Exercise prompt
Look for the line containing "90 - Ecole HOLLANDAISE" and the line containing "Dok. fot. z dnia 05.12.2025r. fot. nr 18" in the entries below. Copy those two and all lines between them exactly, leaving out pictures.
━━ Records
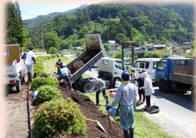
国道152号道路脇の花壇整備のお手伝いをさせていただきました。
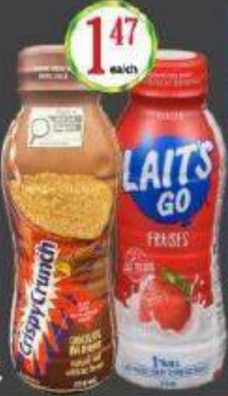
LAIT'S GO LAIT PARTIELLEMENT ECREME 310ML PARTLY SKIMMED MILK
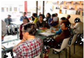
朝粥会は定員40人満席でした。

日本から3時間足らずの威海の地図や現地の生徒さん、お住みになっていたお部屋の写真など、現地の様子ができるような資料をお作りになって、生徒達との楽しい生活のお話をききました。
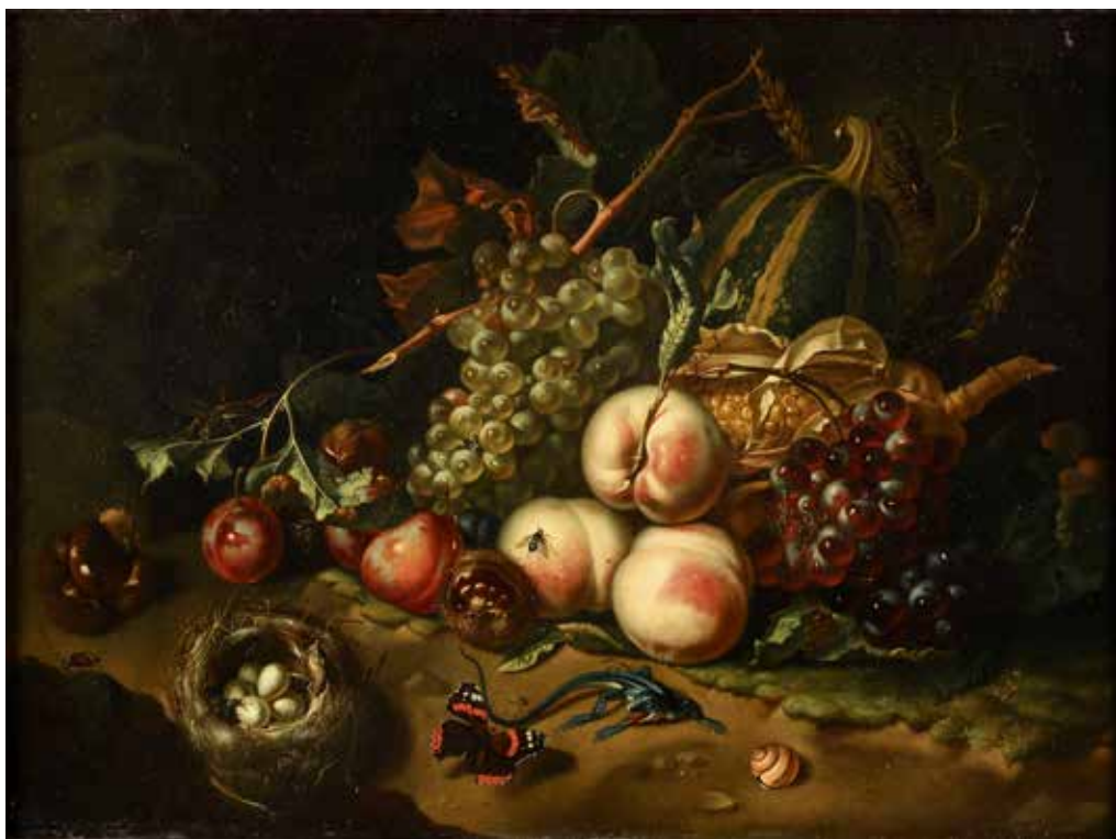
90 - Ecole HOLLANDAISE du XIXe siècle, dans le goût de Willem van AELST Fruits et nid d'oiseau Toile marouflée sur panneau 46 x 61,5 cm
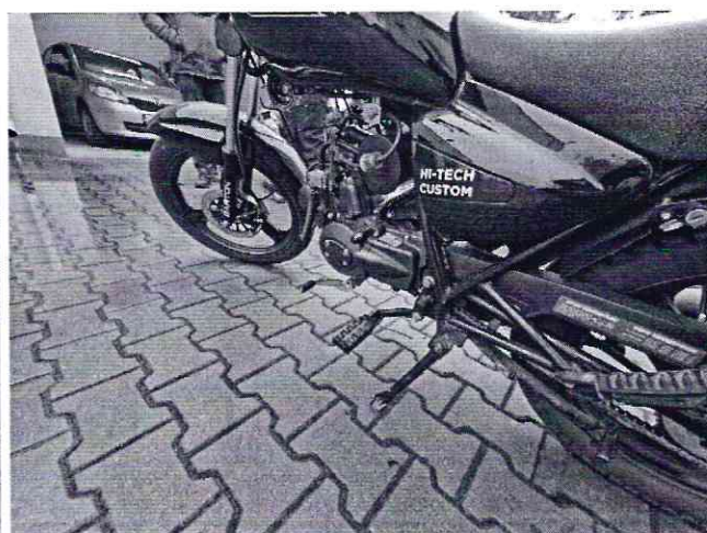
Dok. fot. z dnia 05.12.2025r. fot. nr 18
━━━━
━━ Records
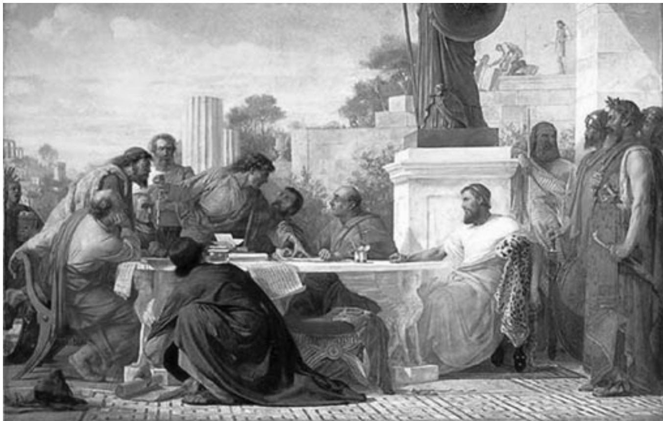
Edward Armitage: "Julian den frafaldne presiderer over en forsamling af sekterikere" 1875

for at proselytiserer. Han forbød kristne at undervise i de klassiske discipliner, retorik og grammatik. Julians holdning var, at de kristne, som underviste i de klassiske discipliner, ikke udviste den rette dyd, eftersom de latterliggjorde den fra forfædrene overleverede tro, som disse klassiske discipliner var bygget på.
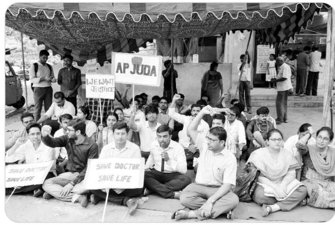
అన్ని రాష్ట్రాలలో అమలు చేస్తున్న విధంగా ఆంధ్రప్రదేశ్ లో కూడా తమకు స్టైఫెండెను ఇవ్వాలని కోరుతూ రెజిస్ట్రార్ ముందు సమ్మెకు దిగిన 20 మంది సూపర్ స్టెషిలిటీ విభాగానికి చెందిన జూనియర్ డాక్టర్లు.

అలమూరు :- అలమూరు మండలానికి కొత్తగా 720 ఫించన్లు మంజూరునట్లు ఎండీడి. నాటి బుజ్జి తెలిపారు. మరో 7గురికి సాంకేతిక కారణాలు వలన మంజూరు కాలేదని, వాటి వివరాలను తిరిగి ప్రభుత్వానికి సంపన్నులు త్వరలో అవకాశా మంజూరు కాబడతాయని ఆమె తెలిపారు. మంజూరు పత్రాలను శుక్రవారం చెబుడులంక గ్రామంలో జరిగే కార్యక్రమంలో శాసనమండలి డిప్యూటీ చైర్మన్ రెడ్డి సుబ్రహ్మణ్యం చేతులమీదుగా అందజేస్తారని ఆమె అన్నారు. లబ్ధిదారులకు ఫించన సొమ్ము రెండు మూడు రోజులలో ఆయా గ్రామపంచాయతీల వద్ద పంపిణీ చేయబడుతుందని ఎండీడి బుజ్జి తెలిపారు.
━━━━
Reply to the task
90 - Ecole HOLLANDAISE du XIXe siècle, dans le goût de Willem van AELST Fruits et nid d'oiseau Toile marouflée sur panneau 46 x 61,5 cm
Dok. fot. z dnia 05.12.2025r. fot. nr 18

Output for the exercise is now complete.